If you have been keeping an eye on the UK industry, you may already know that the Bank Of England has increased the interest rates from 0.5 percent to 0.75 percent after much hype.
Expecting solid employment levels, strengthening of the economy, a potential increase in wages, and more consumer spending aspects have played a vital role in this decision.
The Bank’s key aspect is to keep up with the increasing cost of living – called as Inflation – under control. It uses the prime key interest rate, called as the base rate or Bank rate, which proves to be a point of reference for how much banks and the developing economies pay their savers and charge from their borrowers in terms of interest.

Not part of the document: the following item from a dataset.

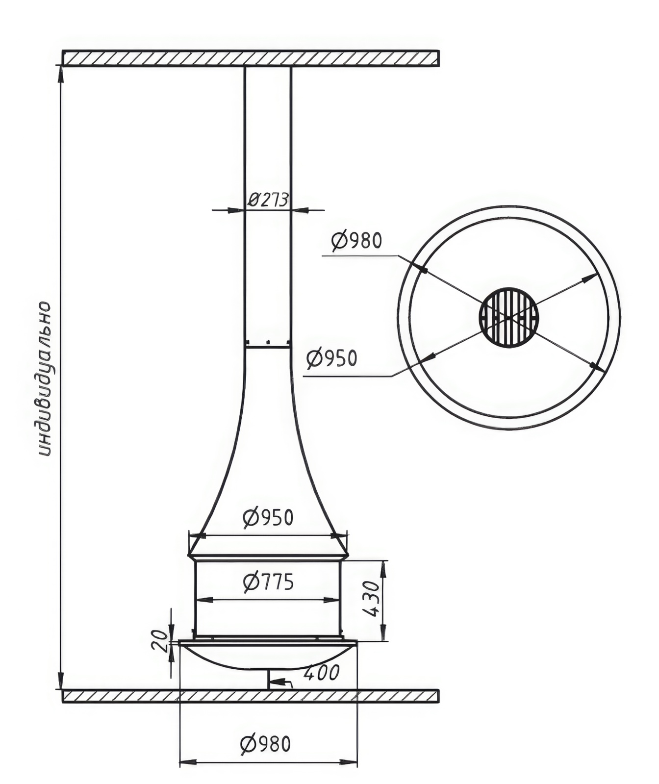 Элегантный корпус выполнен из прочной стали и покрыт термостойкой краской. Камин подвешивается к потолку, создавая эффект парения и архитектурной лёгкости. Подходит для использования с электрокамином или биотопливной топкой, не требует дополнительной отделки и легко интегрируется в интерьеры в стиле минимализм, хай-тек, сканди.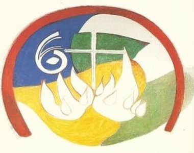 (Mimar: Hermann Baur, Basel, 1959, resim 1969):a) Sunak duvarı, 3.45 x 18.50 m, motif: ruh sembolü. "İnsanlar arasında Tanrı'nın çadırı" (Apoc. 21,3) inşa fikri resim aracılığıyla tamamlanır.Duvar deyim yerindeyse artık orada değildir. Rüzgâr tarafından süpürülmüş gibi yüzen yüzeyler, anlaşılmaz bir derinliği gizler. Sunağı kucaklayan iki parlak, kanat benzeri kavisli renk şeridi ortaya çıkıyor. Çizgilerin ve yüzeylerin yapısındaki düzensiz yer değiştirmeler, dalgalar ve parlak formlar ruhsal enerjiler olarak hissedilir. Eser, Meistermann'ın "kanatlarının" en eskilerinden biridir ve unsurları mimarinin özelliklerini takip eden anıtsal ve geometrik formuyla benzersizdir.

Generally, an increase in the Bank rate is a good sign for the UK’s 45 million savers and borrowers with poor credit ratings – however, the reality is a bit more nuanced.
The Key Aspects are:
Interest rate facts:
- The average standard variable mortgage rate is 4.72 percent
- More than 3.5 million residential mortgages are on a tracker or variable rate
- On a £150,000 variable mortgage, an increase of 0.75 percent will raise the annual cost by £224
A bank rate increase does not assure an equivalent increase in the interest rate being paid to the savers. Half of it did not move after the last increase in the rate. Check out the UK interest rate history today!
No easy access saving account at the main High Street bank pays an interest rate of more than 0.5 percent.
Variable-rate mortgages
When considering the UK, around 9.1 million households run on mortgage. Out of all these, more than 3.5 million are on a tracker or variable rate. These homeowners would be the most affected, as their monthly payments would increase. Although this is a small increase, which will not be specifically painful for most of the homeowners out there today, but some may find it to be an extra burden.
Those on such tracker rates tend to be older, and with comparatively small outstanding mortgage balances. The average outstanding balance is around£112,000. For someone with 20 years left on their mortgage will find their monthly bill increasing by approx £14 a month. However, those who have a larger balance will definitely see an increase in their mortgage bills.